Мистер Клабб улыбнулся мне самой беспощадной улыбкой из своего арсенала.
— Одной из причин, по которым человек не может добраться до телефона, является временная потеря памяти. Вы забыли, что мы проинформировали вас о том, что предварительный доклад состоится в одиннадцать.
Ровно в одиннадцать часов я позвонил, никто не ответил. Я подождал двадцать гудков, сэр, прежде чем оставить попытку. Если бы я прождал сто гудков, сэр, результат оказался бы тем же, по той причине, сэр, что вы решили довести себя до состояния, в котором не могли вспомнить даже собственного имени.
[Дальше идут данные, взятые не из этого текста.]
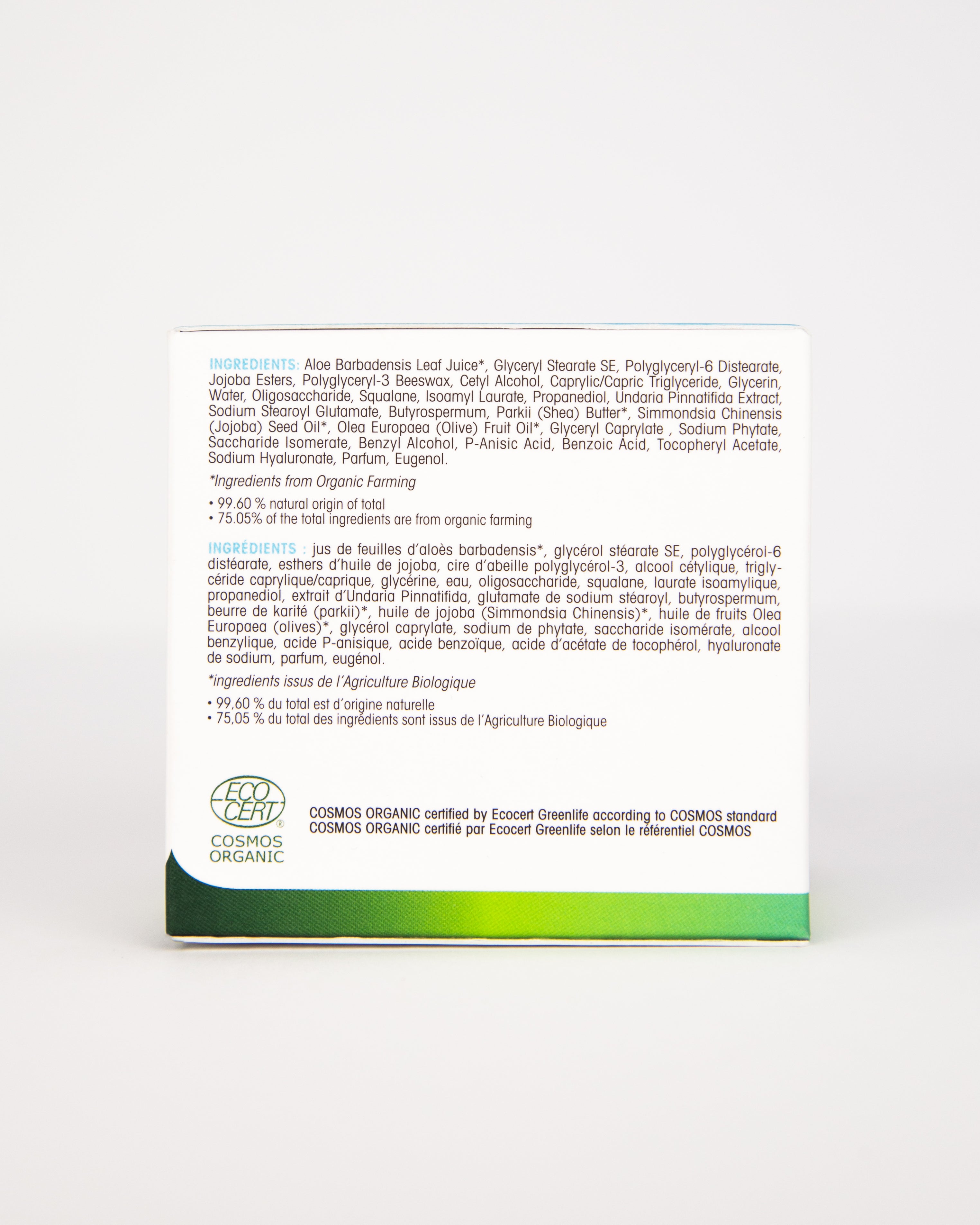 Aloe barbadensis Leaf Juice, Glyceryl Stearate SE, Polyglyceryl-6 Distearate, Jojoba Esters, Polyglyceryl-3 Beeswax, Cetyl Alcohol, Caprylic/Capric Triglyceride, Glycerin, Water, Oligosaccharide, Squalane, Isoamyl Laurate, Propanediol, Undaria Pinnatifida Extract, Sodium Stearoyl Glutamate, Butyrospermum, Parkii (Shea) butter, Simmondsia Chinensis (Jojoba) Seed oil, Olea Europaea (Olive) Fruit oil, Glyceryl Caprylate , Sodium Phytate, Saccharide Isomerate, , Benzyl Alcohol, P-Anisic Acid, Benzoic acid, Tocopheryl Acetate, Sodium Hyaluronate, Parfum, Eugenol.

— Наглая ложь, — воскликнул я, а потом вспомнил. Он действительно упоминал что-то о докладе в одиннадцать часов, вероятнее всего, в это время я угощал «Собачье Дерьмо» своим исполнением «Старого Креста». Мое лицо покраснело. — Простите меня, — сказал я, — я ошибся, все было так, как вы говорите.
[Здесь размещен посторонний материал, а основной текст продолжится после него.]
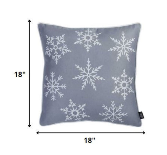 18" Silver Christmas Snowflakes Fabric Throw Pillow Cover

— Мужественное признание, сэр, но что касается прощения, так на то Божья воля, — сказал мистер Клабб. — Мы ваши слуги, и исполнение ваших желаний — наша святая обязанность.
— Все просто, как дважды два, — сказал мистер Кафф, одаривая последний дюйм сигары любящим взглядом. Он уронил окурок на ковер и раздавил его ботинком. — Еда и питье для души и тела, сэр, — сказал он.
— Кстати говоря, — сказал мистер Клабб, — пожалуй, мы продолжим наш доклад в столовой, пора наброситься на деликатесы, которые заказал этот невиданный негодяй Рэгги Монкрифф.
До этого момента мне никогда не приходило в голову, что у моего дворецкого, как и у других людей, есть имя.
7
— Перед нами великая цель, — сказал мистер Клабб, вытаскивая изо рта жевательную резинку. — Мы бедные странники, вы, я и мистер Кафф, и еще молочник, только посмотрите на маленькую порцию прямо перед нами. Ее даже трудно сразу заметить. Конечно же, у нас нет ни шанса постичь ее. Но цель всегда есть, сэр: правда, которую я предоставляю вашему вниманию ради успокоения. Тост, мистер Кафф.
— Утешение — вещь искомая всеми частями человека, — провозгласил мистер Кафф, передавая своему партнеру поднос с тостами. — Самая известная часть — это его душа, которая кормится питательными бедами и неприятностями.
Меня усадили во главе стола, а по бокам расселись мистер Клабб и мистер Кафф. Подносы и тарелки перед нами ломились от еды, потому что мистер Монкрифф, обняв каждого фермера по очереди и побеседовав с ними, вынес из кухни пиршество, значительно превосходившее их запросы. Кроме нескольких дюжин яиц и, наверное, двух упаковок бекона, он выставил приготовленные на гриле почки, баранью печень, и бараньи отбивные, и полоски бифштекса, а еще чан овсянки и вязкого варева, которое он представил как «кеджери, как его представлял себе старый герцог».
Почувствовав тошноту от запаха пищи и от вида месива во ртах моих собеседников, я снова попытался выудить из них доклад.
— Я не верю в великую цель, — сказал я, — и уже столкнулся с неприятностями, превышающими потребности моей души. Расскажите мне, что произошло в доме.
— В необыкновенном доме, сэр, — сказал мистер Клабб. — Еще когда мы проезжали по дороге мимо, мы с мистером Каффом не могли остаться равнодушными к его великолепию.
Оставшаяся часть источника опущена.